PIERRE, S.D. (KELO) — South Dakota’s state universities will take to heart the recommendations that come from an efficiency study that’s underway and will look for ways to make them work, an official for the South Dakota Board of Regents assured a panel of state lawmakers Friday.

“Trust, but verify,” Nathan Lukkes, the board’s chief attorney, told the Legislature’s Appropriations Committee about the approach he thought should be taken. “Trust the process, but at the same time, it’s your job to verify the process.”

The Senate Bill 55 work has been “an eye opener” for the universities and the regents, Lukkes said. “I think folks have heard you loud and clear.”

The regents launched the task force in October in response to a law passed in 2020. The most recent meeting was last week in Spearfish at Black Hills State University and there will be several more. The regents must report no later than November 15 to the legislative committee and the governor.

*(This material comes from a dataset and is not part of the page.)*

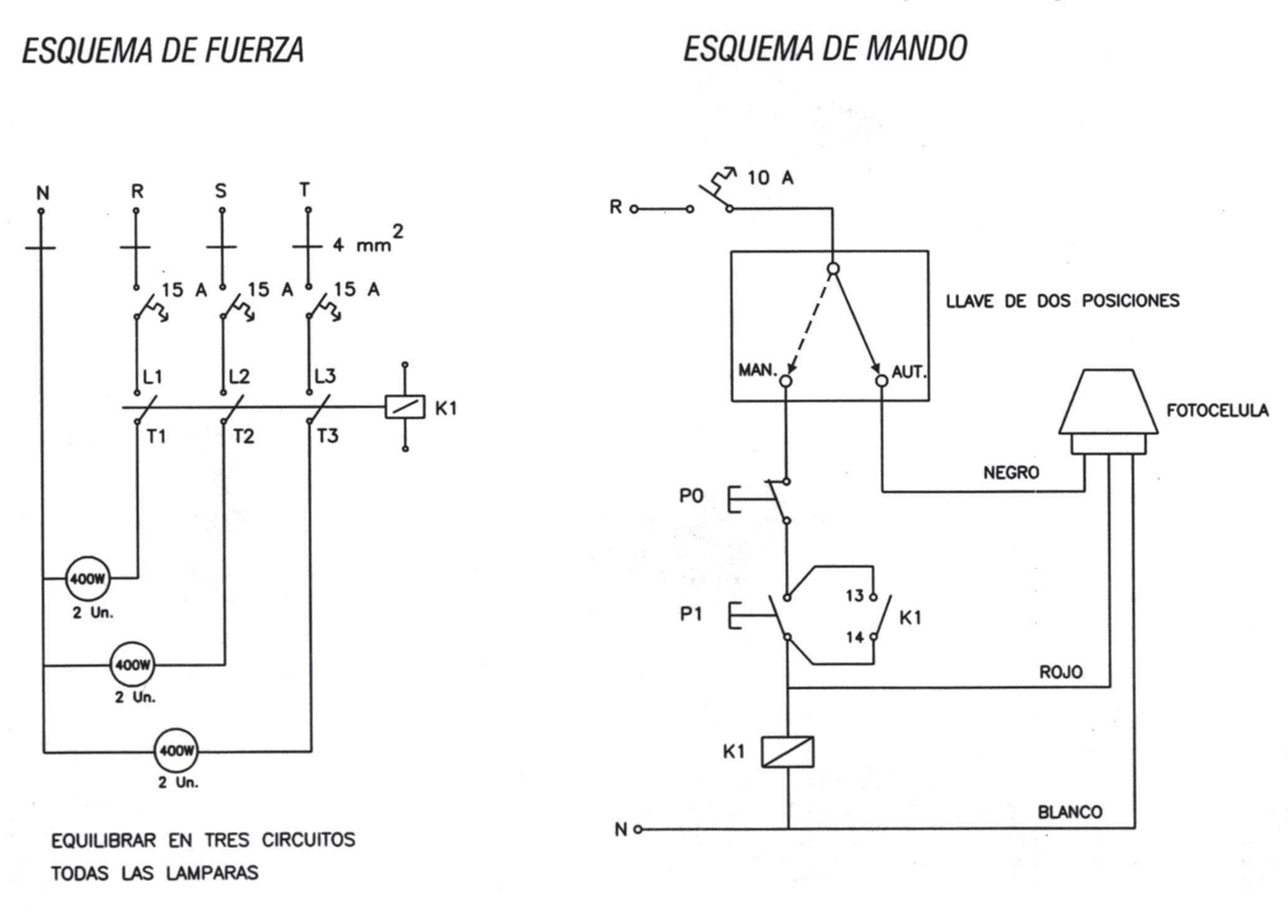 Desarrollar los circuitos de fuerza y mando para encender 6 lámparas de vapor de sodio de 400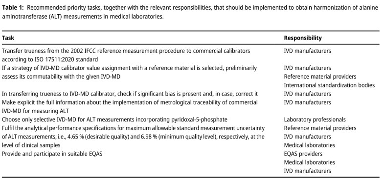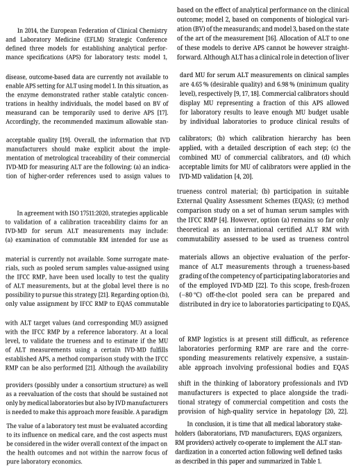 使用高阶 RM 是为商用校准器分配可溯源值的一种可能的替代方法。必须根据其预期用途和 ISO 15194:2009 标准仔细确定 RM 的特征,该标准列出了 RM 应记录的特征[8]。要将 RM 用作校准等级体系中的通用校准器,其证书必须提供有关信息,说明其在所有商业测量程序中与临床样本的互换性,以便将其用作实施计量溯源的高阶校准器[9]。遗憾的是,目前还没有完全符合这些要求的 RM。实验室医学可追溯性联合委员会(JCTLM)数据库列出了一个 ALT 的 RM(ERM®-AD454k/IFCC,欧洲委员会联合研究中心),但没有提供有关其可互换性的确切信息,因为该材料的预期用途仅限于控制 IFCC RMP 的性能[10]。

The regents are established in the South Dakota Constitution to govern the state universities and are appointed by the governor, with Senate confirmation. Senator Jean Hunhoff asked Thursday how lawmakers can get the regents to move forward. “That’s my concern.” 

Representative Steven Haugaard said the regents have the duty. “They just haven’t been doing it.” He asked whether each of the six universities needs a president and whether South Dakota needs all of the campuses. He acknowledged discussions are hard because they dramatically affect communities.

“The ultimate hammer is the allocation of funds from the Legislature. We can certainly cut off a hundred million dollars as an incentive if they don’t do their job,” Haugaard said.  

Representative Chris Karr said legislators have shared the concerns to the others involved in the SB 55 effort. He said the Legislature’s work group was ready two years ago “with the red pens and axe” to start chopping the universities’ budgets but went with the efficiency study instead.

The task force has three committees looking at academics, administration and infrastructure. Karr said universities were already addressing some topics that bothered legislators but didn’t tell them.

Nonetheless there are significant problems and potential efficiencies. The University of South Dakota and South Dakota State University are competing for nursing-degree students with rival programs offered in western South Dakota. Students’ food services could be consolidated. Contracts-software systems are a patchwork at the universities, and the state auditor office’s 18-year-old records system reportedly is so fragile that hard copies of documents are necessary.

Karr said he doesn’t want the November report to gather dust on a shelf. “I believe this is something that is going to be implemented.” And, he noted, the committee will still have the red pens. 

Janice Minder, the regents’ vice president for academic policy and planning, said there already are results. She said the regents have committed to lean-process efficiency training throughout the universities system and will have two internal lean analyses conducted each year. “SB55 has been helpful. Let’s not let it stop.”

Representative Hugh Bartels said he has “a pretty strong commitment” from the regents’ executive director, Brian Maher, and the regents. “I think we’ve got buy-ins to get something done here.” Bartels said standardization of information technology standards, for example, will be a huge change and save a lot of cost. “I’m really excited about that.”

Bartels expressed confidence in the plan producing. “I think we need to keep monitoring it,” he said. “I think we’re going to have a better result than we’re dreading — and I think it’s going to work.”